'''

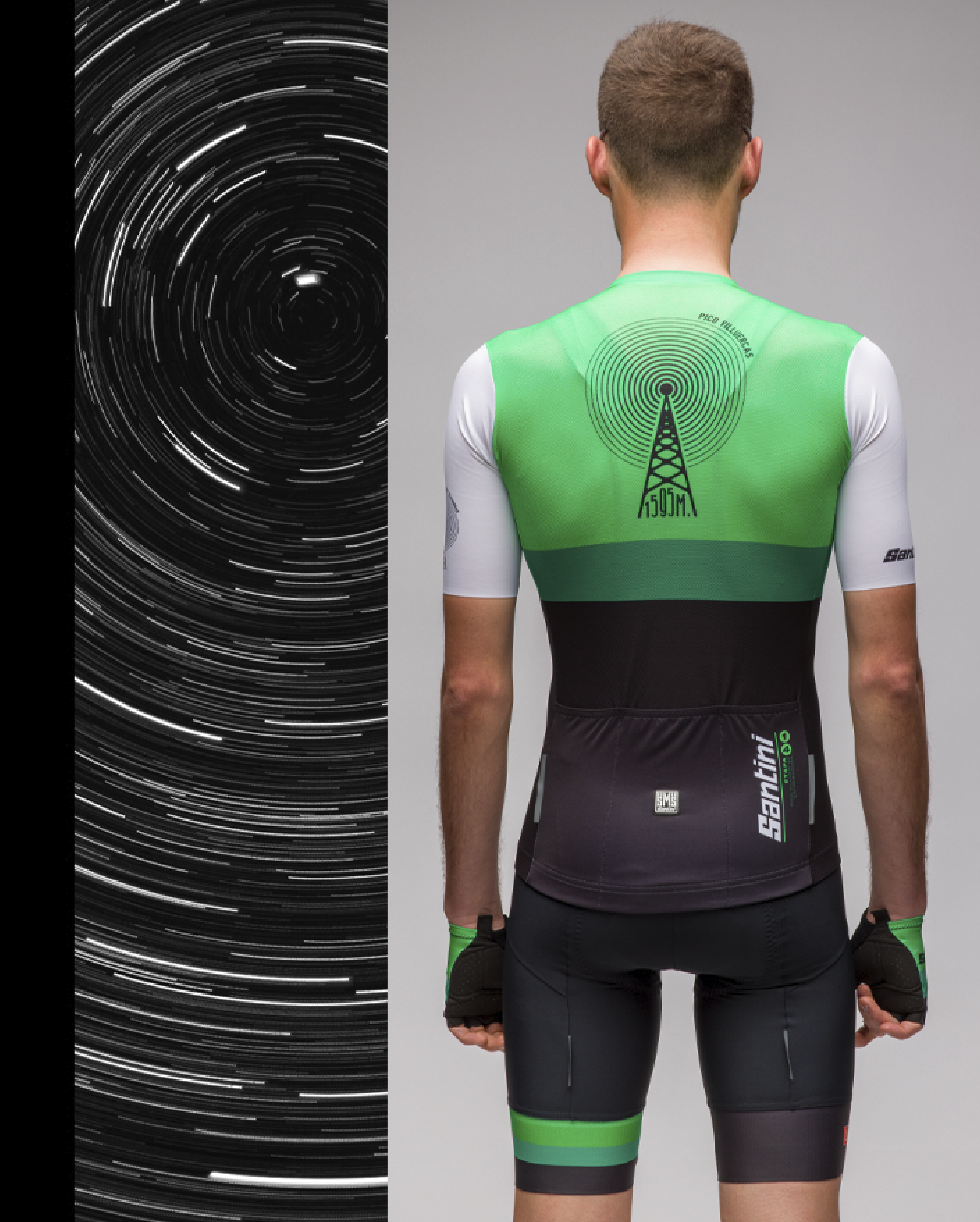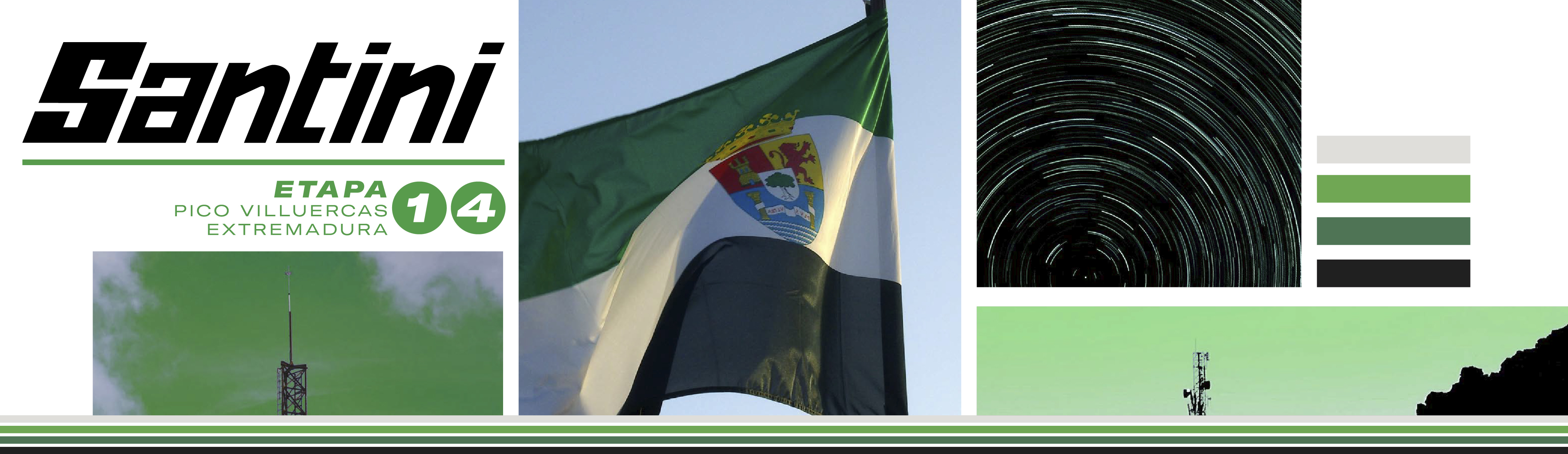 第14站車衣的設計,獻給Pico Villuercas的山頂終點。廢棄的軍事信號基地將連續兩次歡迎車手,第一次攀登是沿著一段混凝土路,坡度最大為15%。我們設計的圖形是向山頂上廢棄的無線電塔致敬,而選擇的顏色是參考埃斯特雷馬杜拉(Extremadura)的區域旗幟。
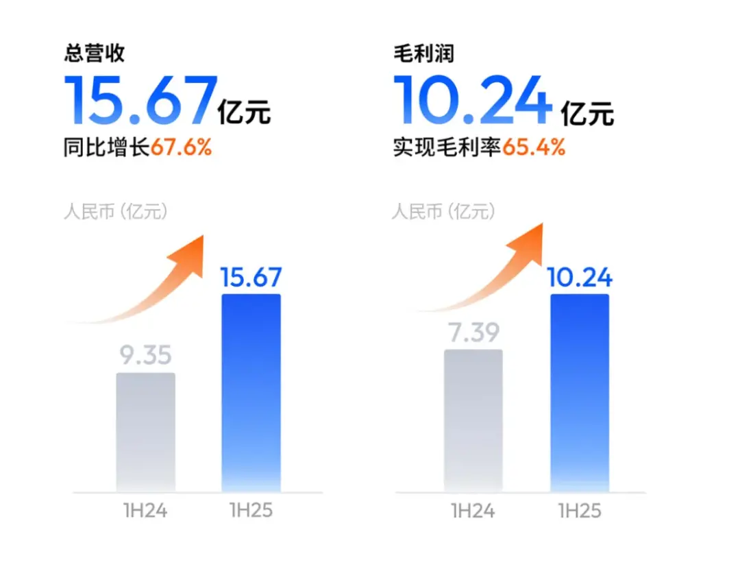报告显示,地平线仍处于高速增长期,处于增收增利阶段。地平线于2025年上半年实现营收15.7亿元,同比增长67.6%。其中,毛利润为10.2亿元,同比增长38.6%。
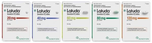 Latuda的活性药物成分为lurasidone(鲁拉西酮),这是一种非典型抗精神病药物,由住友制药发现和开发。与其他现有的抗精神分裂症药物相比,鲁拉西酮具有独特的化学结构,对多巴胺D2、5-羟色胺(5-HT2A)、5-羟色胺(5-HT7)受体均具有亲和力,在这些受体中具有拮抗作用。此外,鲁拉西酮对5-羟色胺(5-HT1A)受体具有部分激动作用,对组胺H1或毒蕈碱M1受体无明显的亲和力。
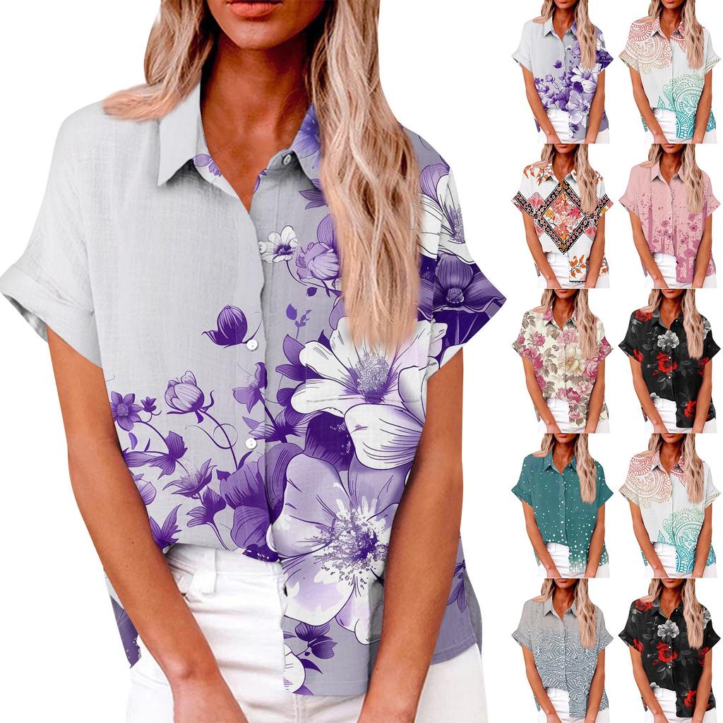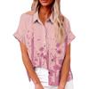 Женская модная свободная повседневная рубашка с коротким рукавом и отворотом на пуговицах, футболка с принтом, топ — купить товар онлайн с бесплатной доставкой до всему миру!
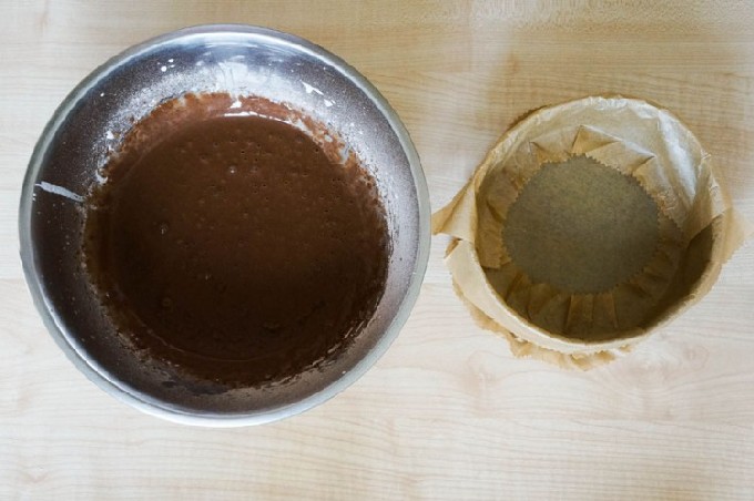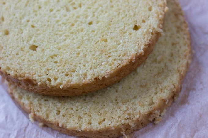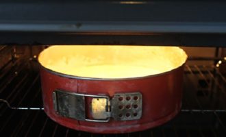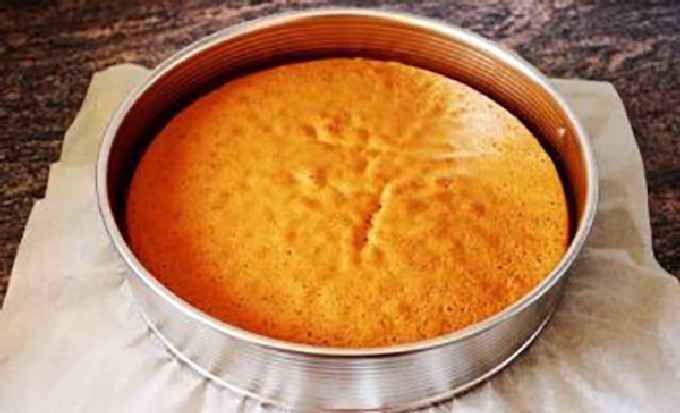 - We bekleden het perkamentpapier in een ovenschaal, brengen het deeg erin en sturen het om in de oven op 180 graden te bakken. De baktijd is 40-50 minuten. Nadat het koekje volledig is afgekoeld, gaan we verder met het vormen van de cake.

'''

Repeat, exactly and only, the lines from the one containing "报告显示,地平线仍处于高速增" through the final line of the data, both ends included, leaving out any picture.

报告显示,地平线仍处于高速增长期,处于增收增利阶段。地平线于2025年上半年实现营收15.7亿元,同比增长67.6%。其中,毛利润为10.2亿元,同比增长38.6%。
 Latuda的活性药物成分为lurasidone(鲁拉西酮),这是一种非典型抗精神病药物,由住友制药发现和开发。与其他现有的抗精神分裂症药物相比,鲁拉西酮具有独特的化学结构,对多巴胺D2、5-羟色胺(5-HT2A)、5-羟色胺(5-HT7)受体均具有亲和力,在这些受体中具有拮抗作用。此外,鲁拉西酮对5-羟色胺(5-HT1A)受体具有部分激动作用,对组胺H1或毒蕈碱M1受体无明显的亲和力。
 Женская модная свободная повседневная рубашка с коротким рукавом и отворотом на пуговицах, футболка с принтом, топ — купить товар онлайн с бесплатной доставкой до всему миру!
 - We bekleden het perkamentpapier in een ovenschaal, brengen het deeg erin en sturen het om in de oven op 180 graden te bakken. De baktijd is 40-50 minuten. Nadat het koekje volledig is afgekoeld, gaan we verder met het vormen van de cake.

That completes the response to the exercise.